Gilles scoffed. ‘Nothing. But I don’t want you to sleep with her. Actually, I’d be downright angry if you did. She’s gorgeous, and way too good for you. I just want you to keep an eye on her. Make sure she’s having a good time.’
‘Who is she?’ he asked, premonition snaking down his spine.
‘See the woman talking to Anne now?’
Wolfe didn’t have to look to know it was the Princess from the wall and he nearly groaned. Anyone but her. But at least now it made sense why she had been so familiar with the estate. They were family friends.
Wolfe turned his back on the woman he was intent on avoiding for the rest of his life. ‘I’m sure she can take care of herself.’
Gilles gave him a quizzical look and Wolfe cursed his curt tone. He had nothing against the Princess, really. Except for the fact that she’d occupied his mind all afternoon and made him want to push her sweet skirt up around her waist and take her up against the nearest hundred-year-old oak. He definitely didn’t want to find out that Gilles had once been with her. Had they been lovers? The thought left a sour taste in his mouth.

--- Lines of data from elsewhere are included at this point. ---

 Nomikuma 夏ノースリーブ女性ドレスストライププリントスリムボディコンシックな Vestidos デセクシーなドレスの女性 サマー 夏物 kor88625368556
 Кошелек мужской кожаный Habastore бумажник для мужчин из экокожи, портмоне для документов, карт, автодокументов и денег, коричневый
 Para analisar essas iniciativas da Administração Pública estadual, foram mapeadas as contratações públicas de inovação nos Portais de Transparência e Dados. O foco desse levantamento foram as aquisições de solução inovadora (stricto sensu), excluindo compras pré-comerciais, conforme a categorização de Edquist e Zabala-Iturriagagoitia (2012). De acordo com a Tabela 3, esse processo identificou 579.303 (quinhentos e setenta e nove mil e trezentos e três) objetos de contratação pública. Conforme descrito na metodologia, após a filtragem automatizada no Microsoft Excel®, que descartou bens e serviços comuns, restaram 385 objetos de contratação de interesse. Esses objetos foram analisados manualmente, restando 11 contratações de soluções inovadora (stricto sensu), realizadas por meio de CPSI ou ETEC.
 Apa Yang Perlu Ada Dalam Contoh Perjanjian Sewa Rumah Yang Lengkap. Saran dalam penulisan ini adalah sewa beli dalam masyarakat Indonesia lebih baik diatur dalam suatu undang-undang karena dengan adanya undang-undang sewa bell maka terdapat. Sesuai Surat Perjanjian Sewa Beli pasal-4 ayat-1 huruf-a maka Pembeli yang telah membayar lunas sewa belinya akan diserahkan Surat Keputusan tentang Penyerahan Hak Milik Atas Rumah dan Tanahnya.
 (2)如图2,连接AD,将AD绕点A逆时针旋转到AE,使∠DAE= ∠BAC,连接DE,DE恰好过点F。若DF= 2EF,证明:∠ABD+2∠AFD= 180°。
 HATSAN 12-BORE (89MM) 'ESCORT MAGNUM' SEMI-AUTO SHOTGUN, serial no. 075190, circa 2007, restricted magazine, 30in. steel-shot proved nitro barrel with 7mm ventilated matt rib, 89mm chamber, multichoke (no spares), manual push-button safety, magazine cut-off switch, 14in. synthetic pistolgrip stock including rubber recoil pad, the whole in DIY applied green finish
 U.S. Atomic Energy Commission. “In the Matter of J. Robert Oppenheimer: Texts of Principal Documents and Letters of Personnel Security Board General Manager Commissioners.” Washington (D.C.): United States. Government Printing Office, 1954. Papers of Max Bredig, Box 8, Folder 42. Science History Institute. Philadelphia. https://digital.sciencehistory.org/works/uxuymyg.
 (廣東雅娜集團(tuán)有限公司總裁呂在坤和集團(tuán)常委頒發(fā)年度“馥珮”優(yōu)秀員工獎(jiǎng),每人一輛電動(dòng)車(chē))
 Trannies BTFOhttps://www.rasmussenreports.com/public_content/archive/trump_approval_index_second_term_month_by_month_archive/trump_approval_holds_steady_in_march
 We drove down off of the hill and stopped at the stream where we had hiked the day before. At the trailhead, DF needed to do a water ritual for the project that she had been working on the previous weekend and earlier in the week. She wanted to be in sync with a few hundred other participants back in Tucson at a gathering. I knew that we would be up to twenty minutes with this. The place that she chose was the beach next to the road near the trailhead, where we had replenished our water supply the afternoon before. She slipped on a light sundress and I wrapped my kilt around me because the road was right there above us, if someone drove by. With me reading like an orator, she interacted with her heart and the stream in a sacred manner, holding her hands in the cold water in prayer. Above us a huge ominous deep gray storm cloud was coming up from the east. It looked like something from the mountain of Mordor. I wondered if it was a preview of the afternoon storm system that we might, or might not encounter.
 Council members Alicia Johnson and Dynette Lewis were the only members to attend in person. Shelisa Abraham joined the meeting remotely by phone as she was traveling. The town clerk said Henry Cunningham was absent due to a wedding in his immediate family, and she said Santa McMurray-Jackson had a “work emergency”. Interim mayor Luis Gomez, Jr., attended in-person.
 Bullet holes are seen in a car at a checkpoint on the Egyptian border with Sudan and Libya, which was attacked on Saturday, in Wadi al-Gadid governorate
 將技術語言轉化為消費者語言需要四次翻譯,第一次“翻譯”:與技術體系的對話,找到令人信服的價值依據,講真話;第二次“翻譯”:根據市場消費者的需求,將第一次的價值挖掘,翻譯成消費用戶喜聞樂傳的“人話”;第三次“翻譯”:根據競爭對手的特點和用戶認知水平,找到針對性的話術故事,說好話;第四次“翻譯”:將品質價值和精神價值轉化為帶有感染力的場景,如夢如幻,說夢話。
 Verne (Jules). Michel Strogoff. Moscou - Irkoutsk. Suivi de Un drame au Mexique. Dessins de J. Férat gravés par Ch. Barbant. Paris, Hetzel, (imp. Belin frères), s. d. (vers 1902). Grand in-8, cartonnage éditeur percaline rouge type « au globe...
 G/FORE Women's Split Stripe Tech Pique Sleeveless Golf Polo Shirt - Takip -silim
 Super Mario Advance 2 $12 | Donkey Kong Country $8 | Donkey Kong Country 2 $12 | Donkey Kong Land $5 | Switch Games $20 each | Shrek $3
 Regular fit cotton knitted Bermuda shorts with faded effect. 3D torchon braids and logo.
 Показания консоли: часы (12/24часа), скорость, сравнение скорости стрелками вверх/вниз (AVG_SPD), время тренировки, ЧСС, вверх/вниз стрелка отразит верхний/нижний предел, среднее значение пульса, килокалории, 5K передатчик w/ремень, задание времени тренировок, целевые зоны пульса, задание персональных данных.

‘I’m sure she will, too, but as she’s attending the wedding alone I thought you could keep your eye on her for me. You know—ask her to dance, make sure she has a drink.’
Today he’d been mistaken for a rescue service, a gardener and now…‘You’ve got waiters for that, and I’m not a damned babysitter.’
Gilles’s eyebrows shot up, but before he could say anything his new wife stepped around Wolfe and curled her arm through Gilles’s. ‘Babysitting who?’
Her green eyes met Wolfe’s speculatively and Wolfe saw Gilles’s eyes fall guiltily on someone behind him.
‘I hope you do not mean me, Gilles?’ Ava’s tone was as lyrical and as superior as Wolfe remembered it.
Gilles stepped forward and kissed both her cheeks. ‘Ava, you look as beautiful as ever.’
‘I can see that you do mean me,’ she berated lightly. ‘And I can assure you I do not need babysitting.’
Her eyes briefly cut to Wolfe’s with such aloof disdain it made him want to smile. He remembered her hands splayed over the ridges of his abdominal muscles as she’d clung to him on the horse. She might not like him very much, but he knew dislike wasn’t the only emotion she felt.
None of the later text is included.